### Work to complete
Would you transcribe the records below from the line with "Elevate your everyday" to the line with "Addetti alla selezione", ends included, exactly and with nothing more, leaving the pictures out?

### Records for the exercise
□ □ □
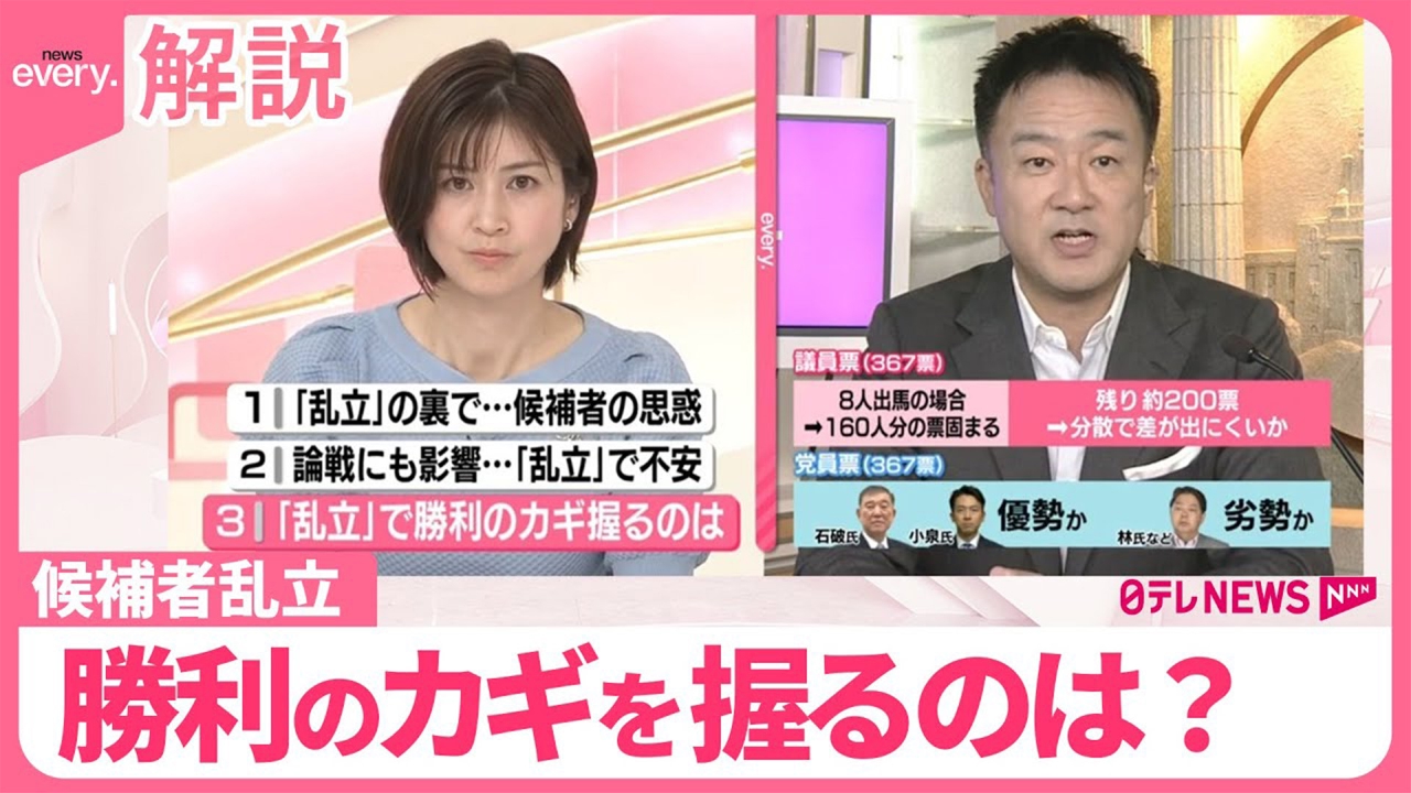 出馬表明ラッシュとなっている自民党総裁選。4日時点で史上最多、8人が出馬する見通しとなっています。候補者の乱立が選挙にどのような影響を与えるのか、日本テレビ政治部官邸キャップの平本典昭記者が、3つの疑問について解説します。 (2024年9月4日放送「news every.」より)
□ □ □
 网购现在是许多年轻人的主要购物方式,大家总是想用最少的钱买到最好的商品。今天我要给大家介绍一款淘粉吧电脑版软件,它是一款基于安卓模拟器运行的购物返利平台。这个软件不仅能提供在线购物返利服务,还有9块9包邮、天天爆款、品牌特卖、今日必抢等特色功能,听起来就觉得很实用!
□ □ □
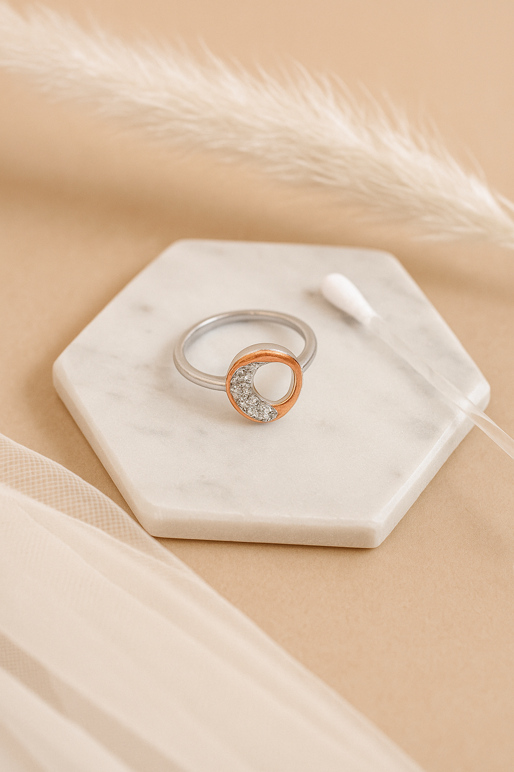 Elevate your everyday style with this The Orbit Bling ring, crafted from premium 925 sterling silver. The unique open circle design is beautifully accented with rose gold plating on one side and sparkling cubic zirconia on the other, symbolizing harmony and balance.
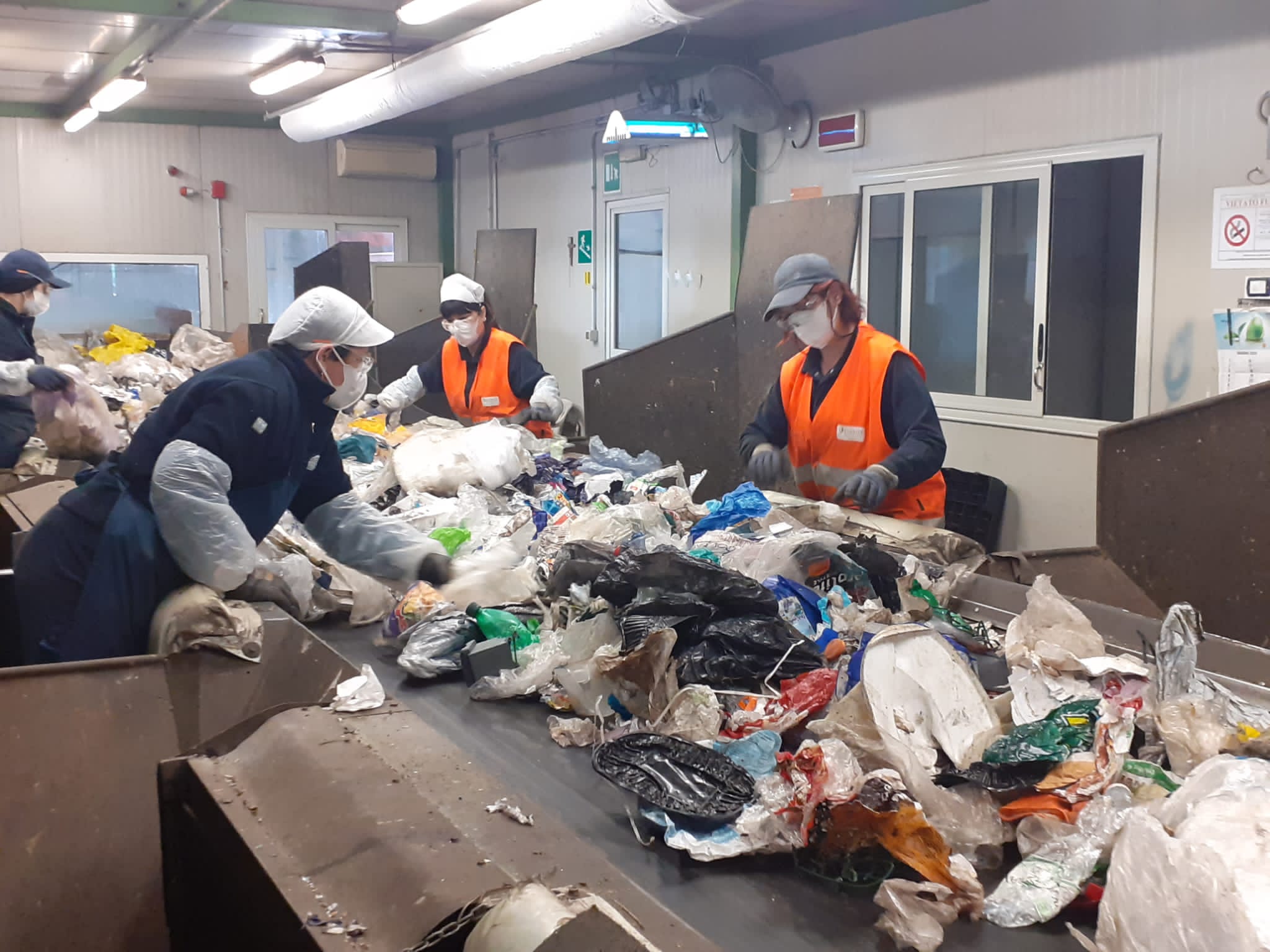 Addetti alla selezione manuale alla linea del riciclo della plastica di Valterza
□ □ □
### Written response
 Elevate your everyday style with this The Orbit Bling ring, crafted from premium 925 sterling silver. The unique open circle design is beautifully accented with rose gold plating on one side and sparkling cubic zirconia on the other, symbolizing harmony and balance.
 Addetti alla selezione manuale alla linea del riciclo della plastica di Valterza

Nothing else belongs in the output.